I haven't addressed the recommendation by Huang Ying [1] to also revert commit
23b230ba8ac3 ("mm/swap: print bad swap offset entry in get_swap_device"). It
should be done separately to this, and and we need to conclude discussion
first.
[1] https://lore.kernel.org/all/875xy0842q.fsf@yhuang6-desk2.ccr.corp.intel.com/
Thanks,
Ryan
mm/swapfile.c | 13 ++++++++++++-
1 file changed, 12 insertions(+), 1 deletion(-)

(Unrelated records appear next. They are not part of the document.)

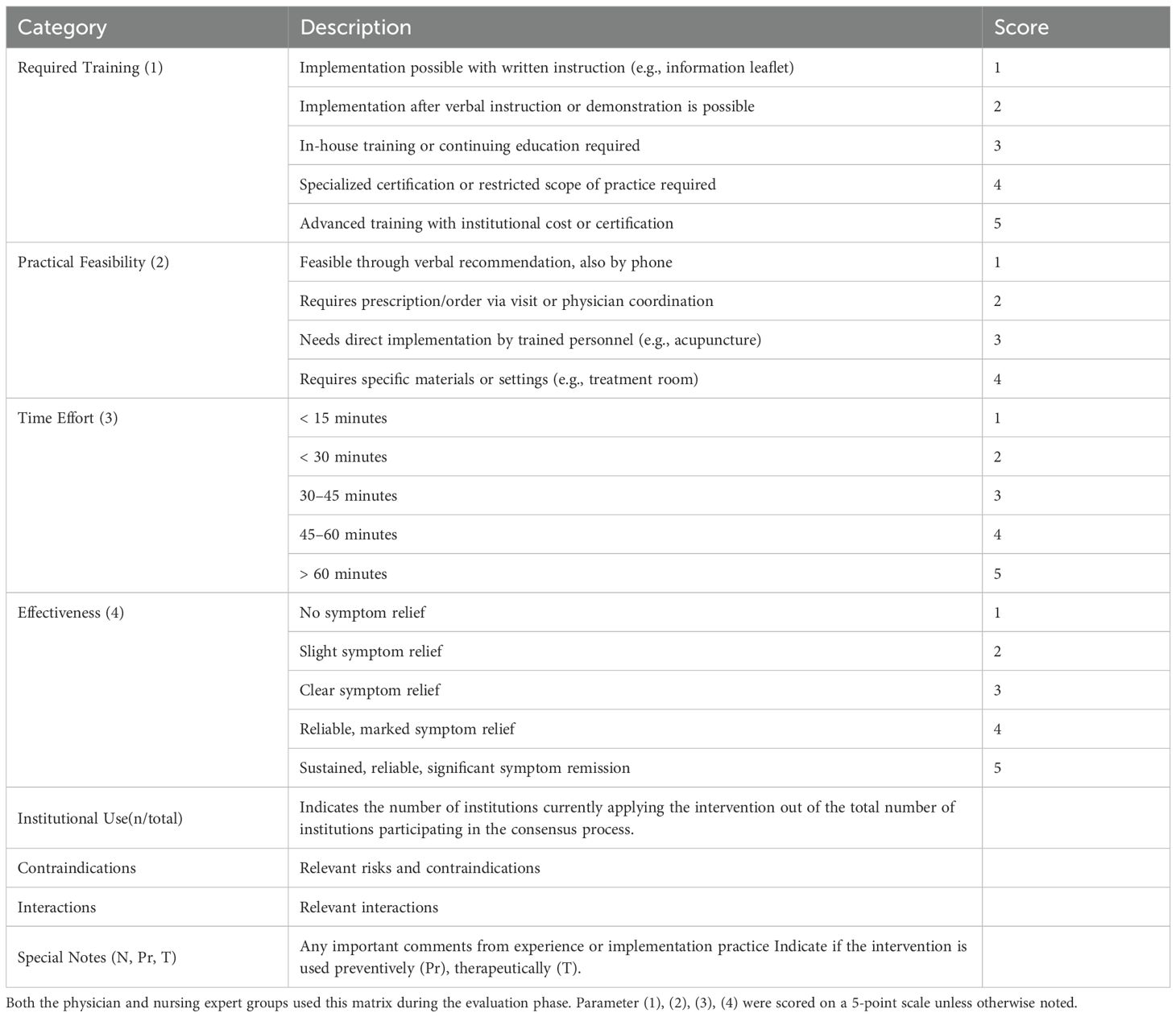 In the second phase, the groups rated each intervention independently using a standardized scoring matrix (see Table 1) developed and piloted by the coordination team based on a methodology previously applied by Stolz et al. (2021) (32), Steinmann et al. (2021) (6) in a similar consensus process oriented on a Delphi-methodology for nursing interventions in oncology. The matrix included four core parameters: 1) required training, 2) feasibility in routine clinical practice, 3) time requirements, and 4) estimated clinical effectiveness based on practical experience. Each parameter was scored on a 5-point scale with clearly defined anchors. Additionally, contraindications, interactions, the number of institutions applying the intervention, the classification as either preventive (Pr) or therapeutic (T) and special notes were documented separately by symptom.
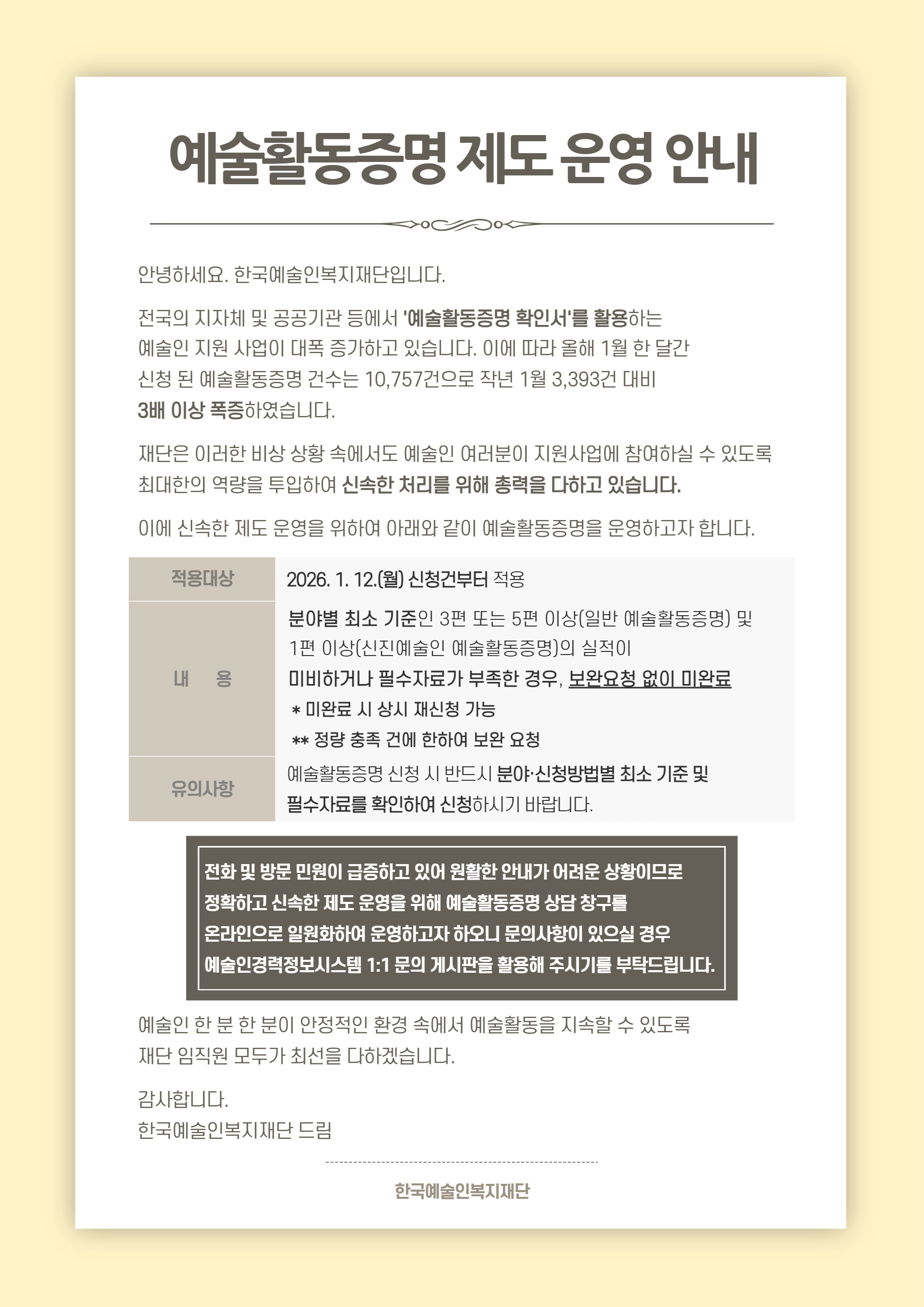 한국예술인복지재단 뉴스를 확인하세요!- [안내] 2026년 「예술활동준비금지원사업」사전 공고 일정 안내 26.02.04 +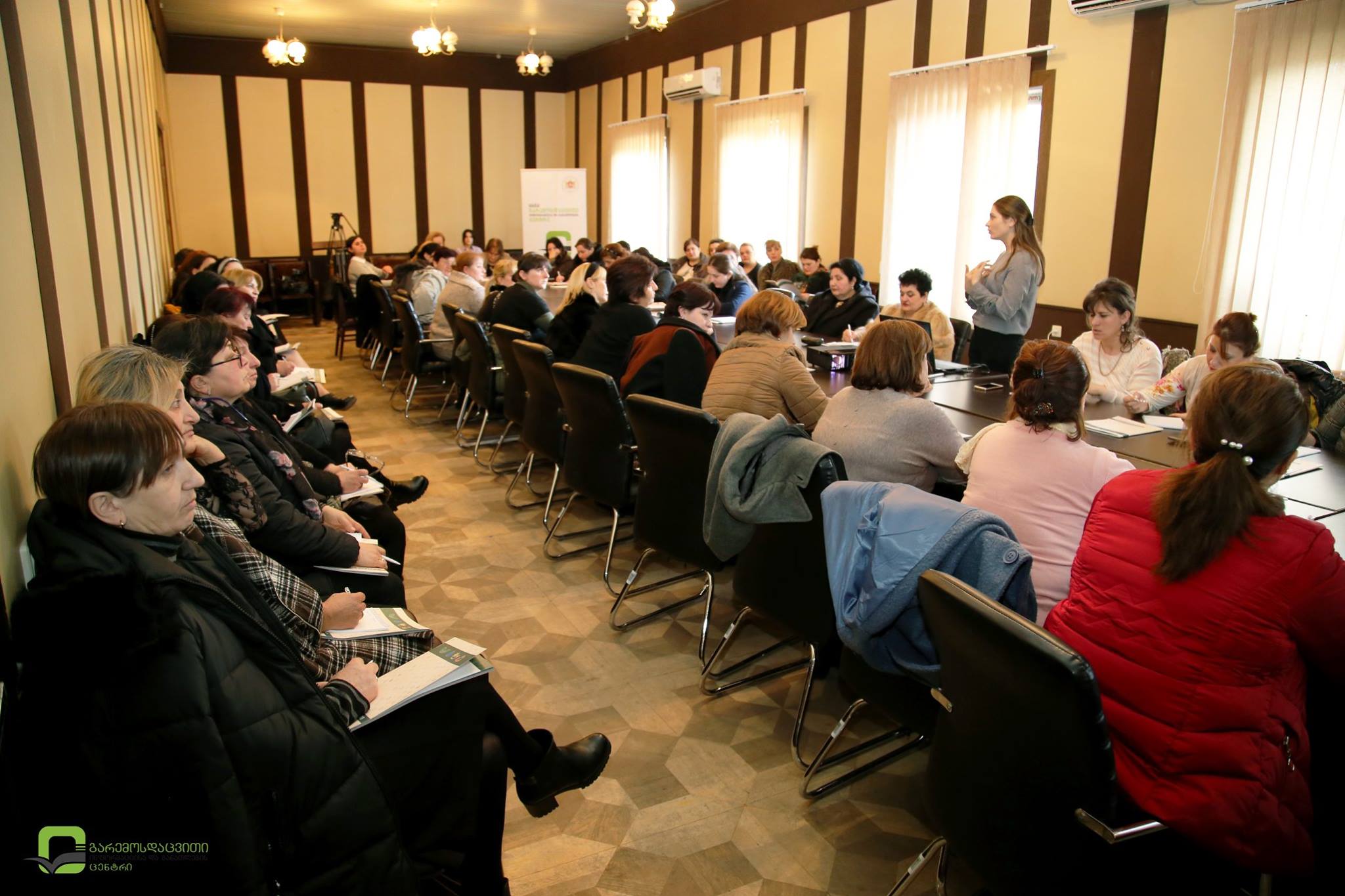 ტრენინგის მონაწილეებს გარემოსდაცვითი ინფორმაციისა და განათლების ცენტრის დირექტორის მოადგილემ ეკატერინე ბენდელიანმა მიმართა და მონაწილეებს გარემოსდაცვითი განათლებისა და მასში სკოლამდელი საფეხურის აქტიური ჩართულობის მნიშვნელობაზე ესაუბრა.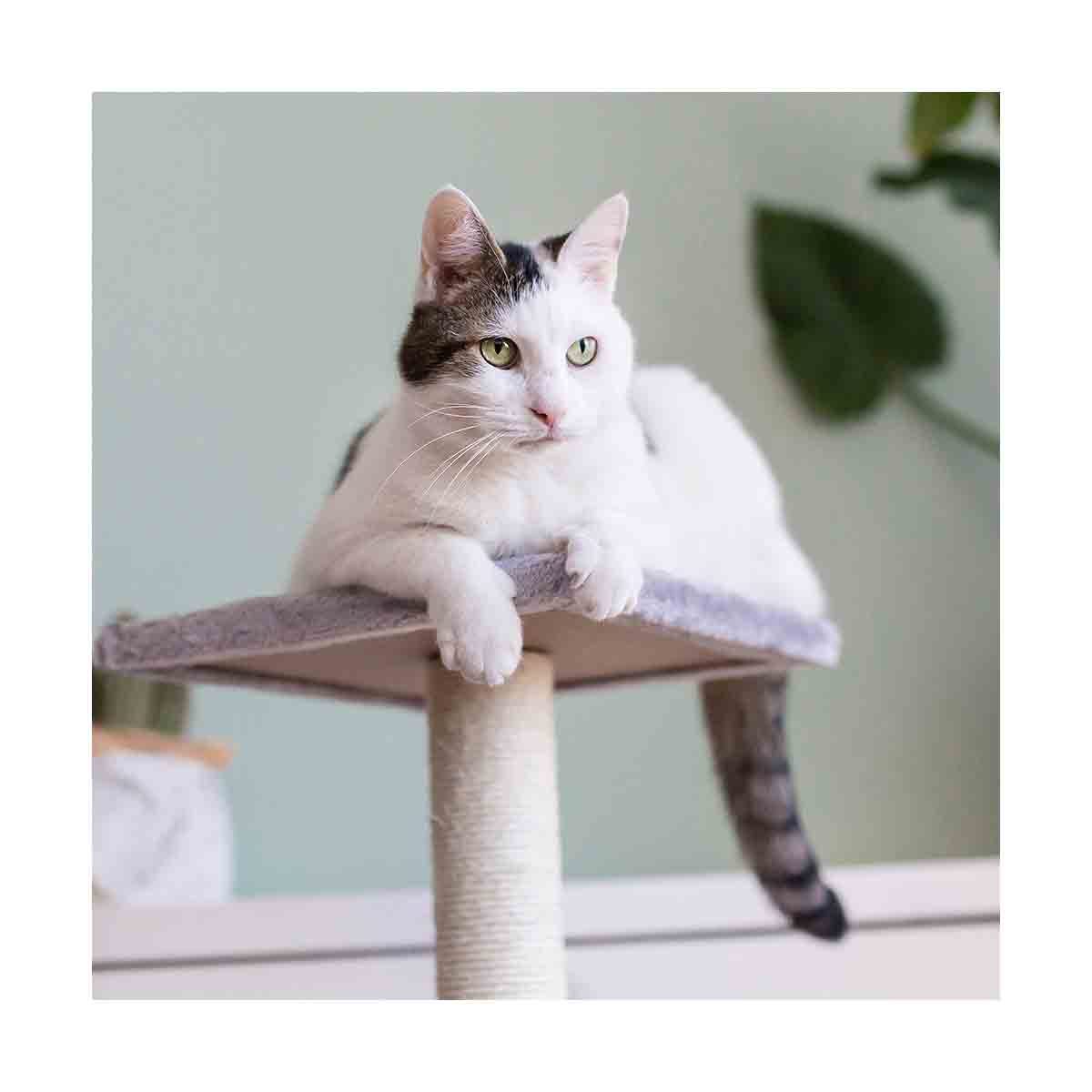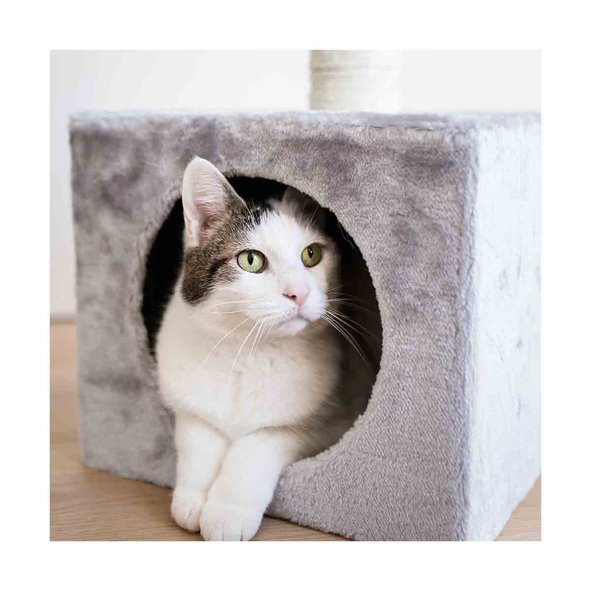 Klimmeubel Diabolo 57cm Beige. Klimmeubel Diabolo is een kattenhuis met een krabpaal die is omweven met sisal, en waarop een pluche plateau komt. Het meubel is maximaal 57 cm hoog en is multi-functioneel: je kat kan er in/mee spelen, krabben en slapen. Klimmeubel Diabolo is leverbaar in zes verschillende kleuren: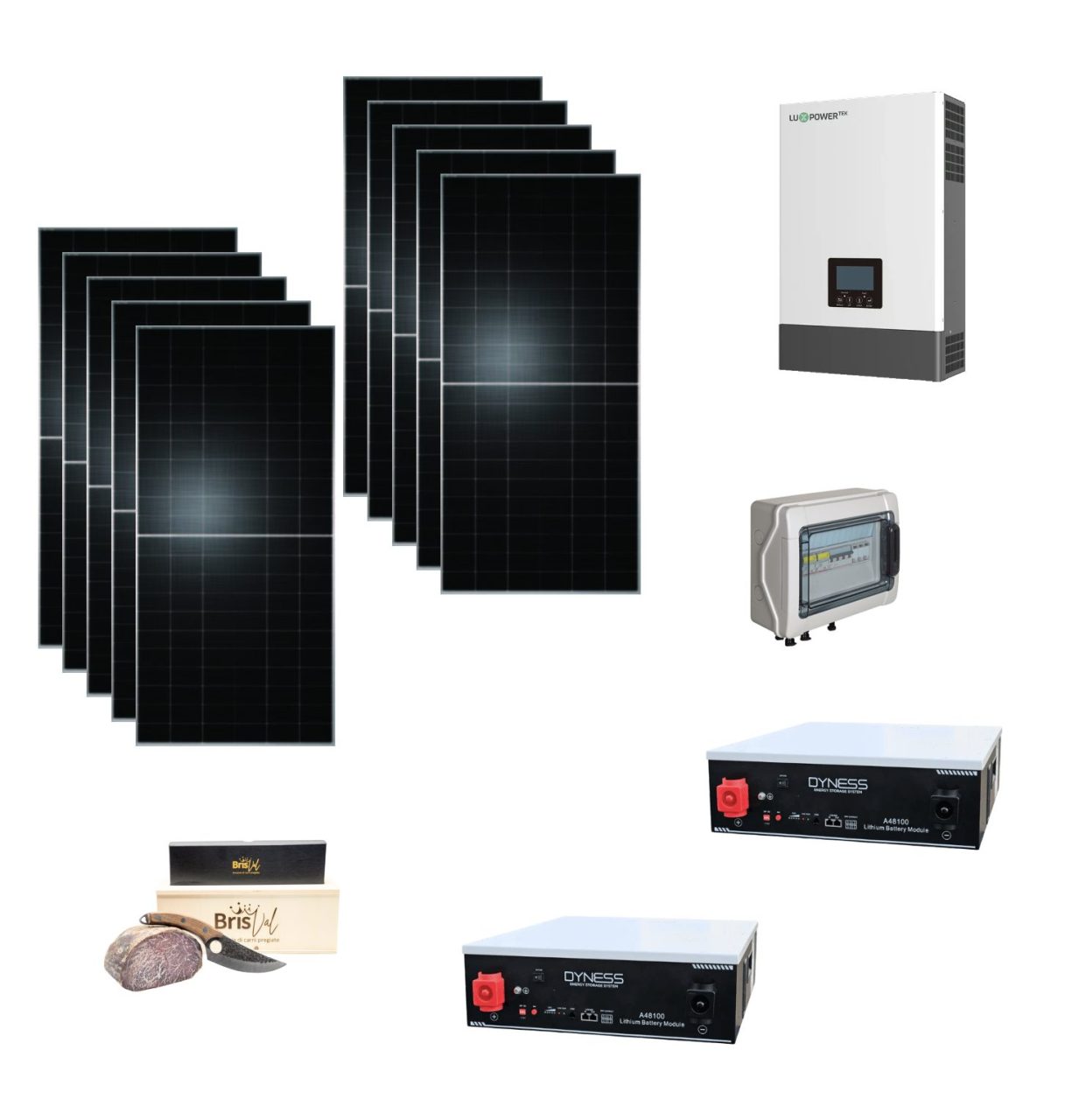 Kit Off grid autoconsumo 6Kwp Pannello Solare Tongwei 600Wp Bifacciale Inverter Luxpower 6Kwh con regolatore 8Kwp + Batteria litio Dyness 10Kwh + omaggio Bresaola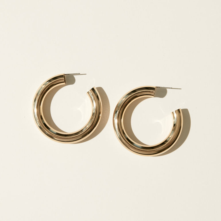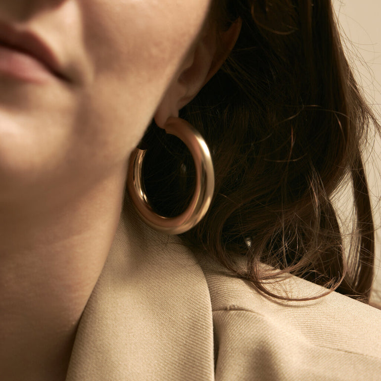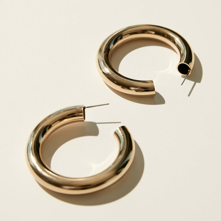 Simple and minimal in design, these hollow, lightweight hoops make a statement. Also available in a smaller size.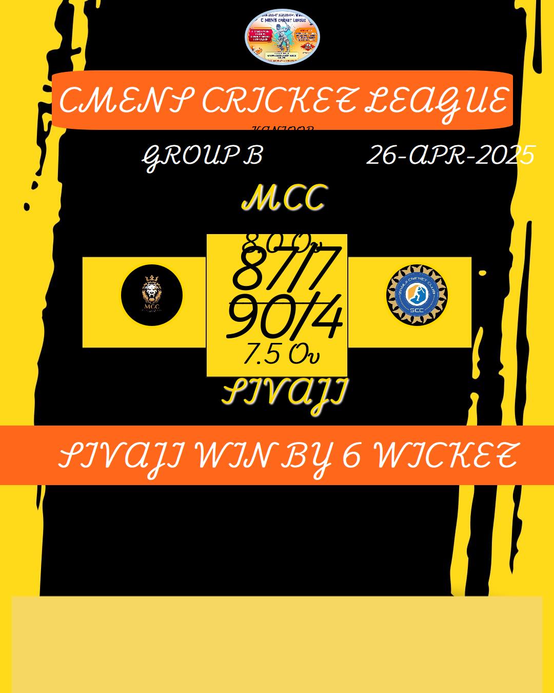 SIVAJI WIN BY 6 WICKET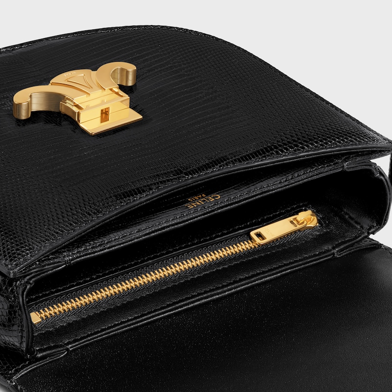 7 x 6 x 2英寸(19 x 15 x 6厘米)蜥蜴皮革(圆鼻巨蜥)羊皮革衬里斜挎和肩背TRIOMPHE金属锁扣3个内侧隔层1个内侧拉链口袋1个内侧扁平口袋可调节肩带,最小长度15英寸(38厘米),最大长度20英寸(52厘米)编号:110414BF5.38NO

diff --git a/mm/swapfile.c b/mm/swapfile.c
index 2b3a2d85e350..1155a6304119 100644
--- a/mm/swapfile.c
+++ b/mm/swapfile.c
@@ -1232,6 +1232,11 @@ static unsigned char __swap_entry_free_locked(struct swap_info_struct *p,
* with get_swap_device() and put_swap_device(), unless the swap
* functions call get/put_swap_device() by themselves.
*
+ * Note that when only holding the PTL, swapoff might succeed immediately
+ * after freeing a swap entry. Therefore, immediately after
+ * __swap_entry_free(), the swap info might become stale and should not
+ * be touched without a prior get_swap_device().
+ *
* Check whether swap entry is valid in the swap device. If so,
* return pointer to swap_info_struct, and keep the swap entry valid
* via preventing the swap device from being swapoff, until
@@ -1609,13 +1614,19 @@ int free_swap_and_cache(swp_entry_t entry)
if (non_swap_entry(entry))
return 1;
- p = _swap_info_get(entry);
+ p = get_swap_device(entry);
if (p) {
+ if (WARN_ON(data_race(!p->swap_map[swp_offset(entry)]))) {
+ put_swap_device(p);
+ return 0;
+ }
+
count = __swap_entry_free(p, entry);
if (count == SWAP_HAS_CACHE &&
!swap_page_trans_huge_swapped(p, entry))
__try_to_reclaim_swap(p, swp_offset(entry),
TTRS_UNMAPPED | TTRS_FULL);
+ put_swap_device(p);
}
return p != NULL;
}
--
2.25.1